We tried dumping a full minute of Xdebug profiling data from PHP, but looking through it revealed only a few somewhat slow parts, but nothing to explain the huge jump.
We are now pretty sure that nothing in the new version of our website is triggering the problem, but we have no way to be sure. We have rolled back a lot of the changes, but the problem still persists.
When look at processes, we see that single Apache processes use quite a bit of CPU over a longer period of time than strictly necessary. However, when using strace on the affected process, we never see anything but
accept(3,
and it hangs for a while before receiving a new connection, so we can't actually see what is causing the problem.
The stack is PHP 5, Apache 2 (prefork), MySQL 5.1. Most things run through Memcached. We've tried APC and eAccelerator.
So, what should be our next step? Are there any profiling methods we overlooked/don't know about?
The answer ended up being not-Apache related. As mentioned, we were on a virtual machine. Our user sessions are pretty big (think 500kB per active user), so we had a lot of disk IO. The disk was nearly full, meaning that Ubuntu spent a lot of time moving things around (or so we think). There was no easy way to extend the disk (because it was not set up properly for VMWare). This completely killed performance, and Apache and MySQL would occasionally use 100% CPU (for a very short time), and the system would be so slow to update the CPU usage meters that it seemed to be stuck there.

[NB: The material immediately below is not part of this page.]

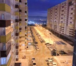 Дом современный, панельный, с двумя пассажирскими лифтами и наземной парковкой. На входе установлен пандус, поэтому можно легко попасть в подъезд с коляской или велосипедом. Также в доме есть мусоропровод, что добавляет удобства в быту.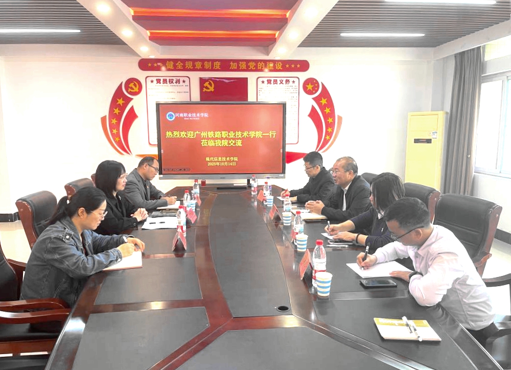 10月14日上午,广州铁路职业技术学院人工智能学院党总支副书记(主持工作)刘雨涛一行来学校现代信息技术学院考察交流。现代信息技术学院党总支书记、院长李纪云,副院长董俊磊等全程陪同考察。

We ended up setting up a new VM (which also gave us the opportunity to thoroughly document everything on the server). On the new VM we allocated plenty of disk space, and moved sessions into memory (using memcached). Our load dropped to 0.2 on off-peak use and around 1 near peak use (on a 2-CPU VM). Moving the sessions into memcached took a lot of disk IO away (we were constantly using about 2MB/s of disk IO, which is very bad).
Conclusion; sometimes you just have to start over... :)
Seeing an accept() call from your Apache process isn't at all unusual - that's the webserver waiting for a new request.
First of all, you want to establish what the parameters of the load are. Something like
vmstat 1
will show you what your system is up to. Look in the 'swap' and 'io' columns. If you see anything other than '0' in the 'si' and 'so' columns, your system is swapping because of a low memory condition. Consider reducing the number of running Apache children, or throwing more RAM in your server.
If RAM isn't an issue, look at the 'cpu' columns. You're interested in the 'us' and 'sy' columns. These show you the percentage of CPU time spent in either user processes or system. A high 'us' number points the finger at Apache or your scripts - or potentially something else on the server.
Running
top
will show you which processes are the most active.
Have you ruled out your database? The most common cause of unexpectedly high load I've seen on production LAMP stacks come down to database queries. You may have deployed new code with an expensive query in it; or got to the point where there are enough rows in your dataset to cause previously cheap queries to become expensive.
During periods of high load, do
echo "show full processlist" | mysql | grep -v Sleep
to see if there are either long-running queries, or huge numbers of the same query operating at once. Other mysql tools will help you optimise these.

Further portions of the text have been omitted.